RECORDS PROVIDED ::
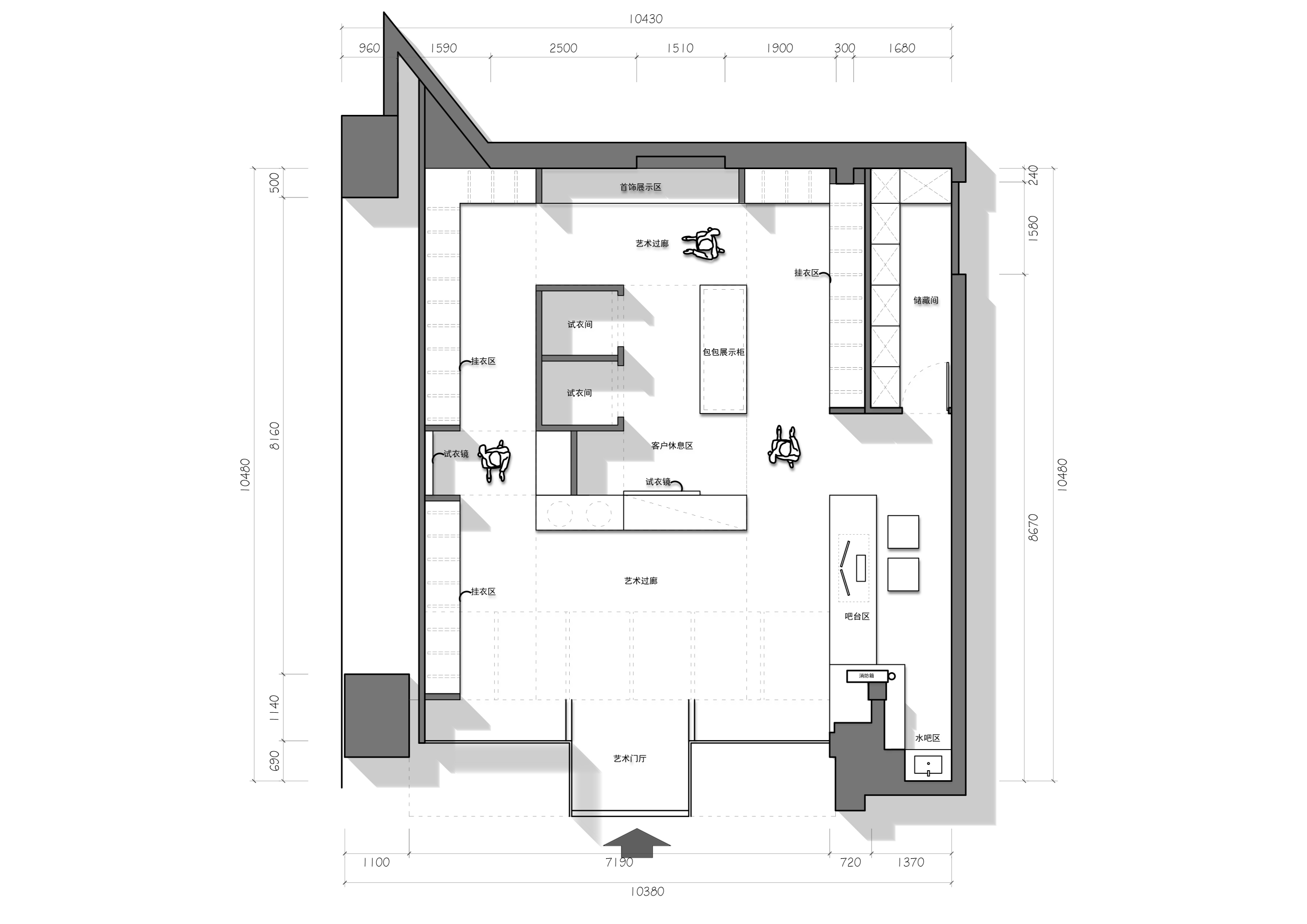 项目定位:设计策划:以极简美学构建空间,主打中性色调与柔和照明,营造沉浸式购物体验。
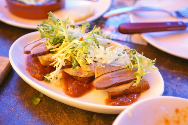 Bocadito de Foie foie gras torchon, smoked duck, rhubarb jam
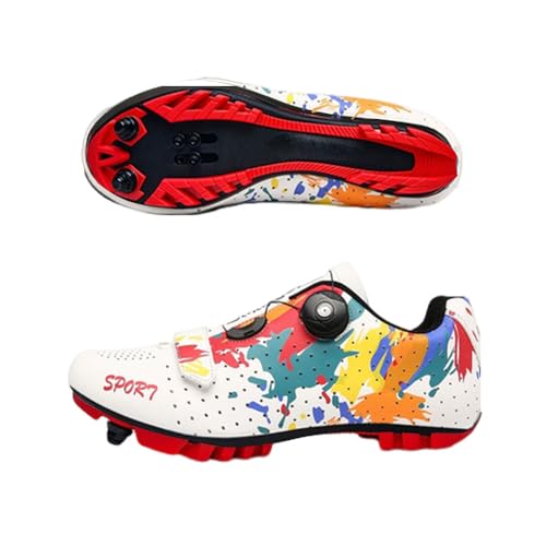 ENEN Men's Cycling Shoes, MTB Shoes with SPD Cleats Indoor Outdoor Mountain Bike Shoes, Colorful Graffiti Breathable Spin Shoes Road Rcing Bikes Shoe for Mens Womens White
==
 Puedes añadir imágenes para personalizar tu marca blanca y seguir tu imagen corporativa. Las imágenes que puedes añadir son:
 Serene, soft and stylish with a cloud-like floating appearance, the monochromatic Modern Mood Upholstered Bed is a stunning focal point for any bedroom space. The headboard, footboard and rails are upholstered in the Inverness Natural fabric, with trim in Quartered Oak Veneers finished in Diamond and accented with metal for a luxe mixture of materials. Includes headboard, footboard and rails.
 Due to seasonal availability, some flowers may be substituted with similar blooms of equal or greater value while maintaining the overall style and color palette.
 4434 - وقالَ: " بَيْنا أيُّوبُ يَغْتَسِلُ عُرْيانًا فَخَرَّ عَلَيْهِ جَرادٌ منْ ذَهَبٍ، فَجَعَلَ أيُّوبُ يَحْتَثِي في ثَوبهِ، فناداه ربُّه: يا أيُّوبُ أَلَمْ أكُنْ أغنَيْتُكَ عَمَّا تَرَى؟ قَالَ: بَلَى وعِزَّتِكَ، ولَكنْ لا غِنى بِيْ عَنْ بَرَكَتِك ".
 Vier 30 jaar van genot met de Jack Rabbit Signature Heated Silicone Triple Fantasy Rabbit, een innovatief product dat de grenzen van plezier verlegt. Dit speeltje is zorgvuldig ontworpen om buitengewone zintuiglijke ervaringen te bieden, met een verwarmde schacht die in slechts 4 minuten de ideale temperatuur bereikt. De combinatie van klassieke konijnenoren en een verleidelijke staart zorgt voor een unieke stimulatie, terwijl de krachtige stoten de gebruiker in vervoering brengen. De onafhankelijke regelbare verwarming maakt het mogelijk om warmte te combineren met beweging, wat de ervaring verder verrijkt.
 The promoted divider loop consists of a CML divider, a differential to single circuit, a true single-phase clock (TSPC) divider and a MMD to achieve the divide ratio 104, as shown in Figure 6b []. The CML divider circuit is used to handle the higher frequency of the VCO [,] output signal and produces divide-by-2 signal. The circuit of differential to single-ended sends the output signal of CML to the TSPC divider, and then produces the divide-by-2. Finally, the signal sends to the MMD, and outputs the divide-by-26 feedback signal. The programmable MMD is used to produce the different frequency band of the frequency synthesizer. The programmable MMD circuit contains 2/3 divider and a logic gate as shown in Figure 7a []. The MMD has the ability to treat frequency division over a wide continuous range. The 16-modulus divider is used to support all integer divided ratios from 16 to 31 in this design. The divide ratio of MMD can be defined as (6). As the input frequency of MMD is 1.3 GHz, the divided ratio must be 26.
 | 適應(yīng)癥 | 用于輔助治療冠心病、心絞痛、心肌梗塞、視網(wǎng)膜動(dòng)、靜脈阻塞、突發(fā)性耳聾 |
---
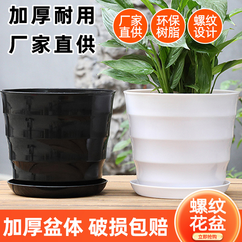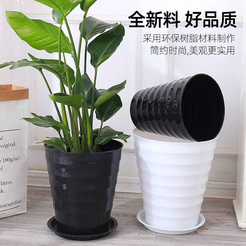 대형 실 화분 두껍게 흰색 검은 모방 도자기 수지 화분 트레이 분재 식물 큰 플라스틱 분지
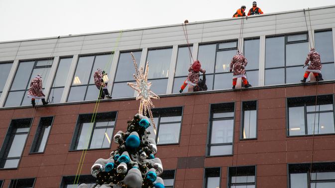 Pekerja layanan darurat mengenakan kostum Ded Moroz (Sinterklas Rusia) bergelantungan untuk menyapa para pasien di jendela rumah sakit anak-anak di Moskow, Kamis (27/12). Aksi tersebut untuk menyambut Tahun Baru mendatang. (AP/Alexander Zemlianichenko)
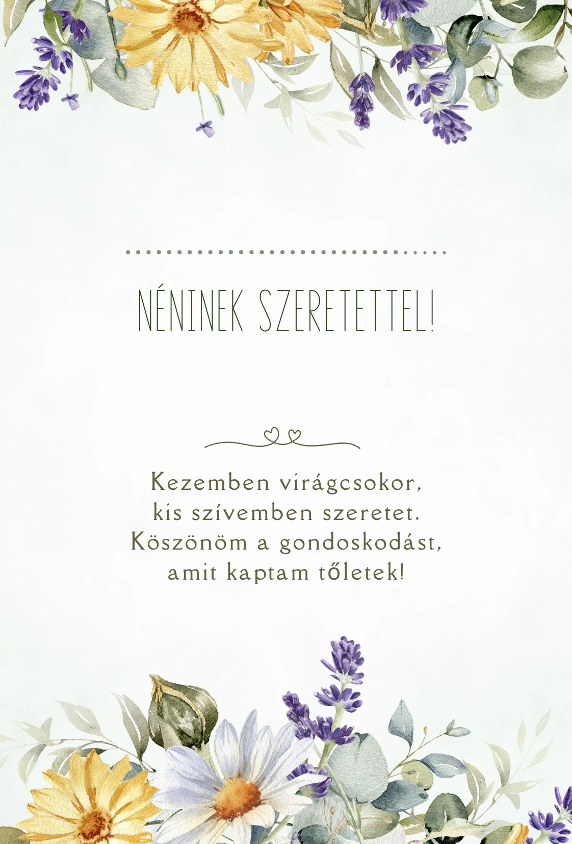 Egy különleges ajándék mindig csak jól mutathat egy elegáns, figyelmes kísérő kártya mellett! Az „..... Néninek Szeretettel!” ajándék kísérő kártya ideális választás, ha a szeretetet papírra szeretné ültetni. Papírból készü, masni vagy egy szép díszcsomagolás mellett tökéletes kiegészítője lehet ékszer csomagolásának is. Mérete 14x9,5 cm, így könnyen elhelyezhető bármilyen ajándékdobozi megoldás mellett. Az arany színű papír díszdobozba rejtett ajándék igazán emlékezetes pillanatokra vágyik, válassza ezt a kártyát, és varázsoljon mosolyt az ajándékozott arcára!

TO DO :: In the data above, start at the line holding "项目定位:设计策划:以极简美" and stop after the line holding "ENEN Men's Cycling"; write out those lines exactly, without pictures.

EXPECTED ANSWER ::
 项目定位:设计策划:以极简美学构建空间,主打中性色调与柔和照明,营造沉浸式购物体验。
 Bocadito de Foie foie gras torchon, smoked duck, rhubarb jam
 ENEN Men's Cycling Shoes, MTB Shoes with SPD Cleats Indoor Outdoor Mountain Bike Shoes, Colorful Graffiti Breathable Spin Shoes Road Rcing Bikes Shoe for Mens Womens White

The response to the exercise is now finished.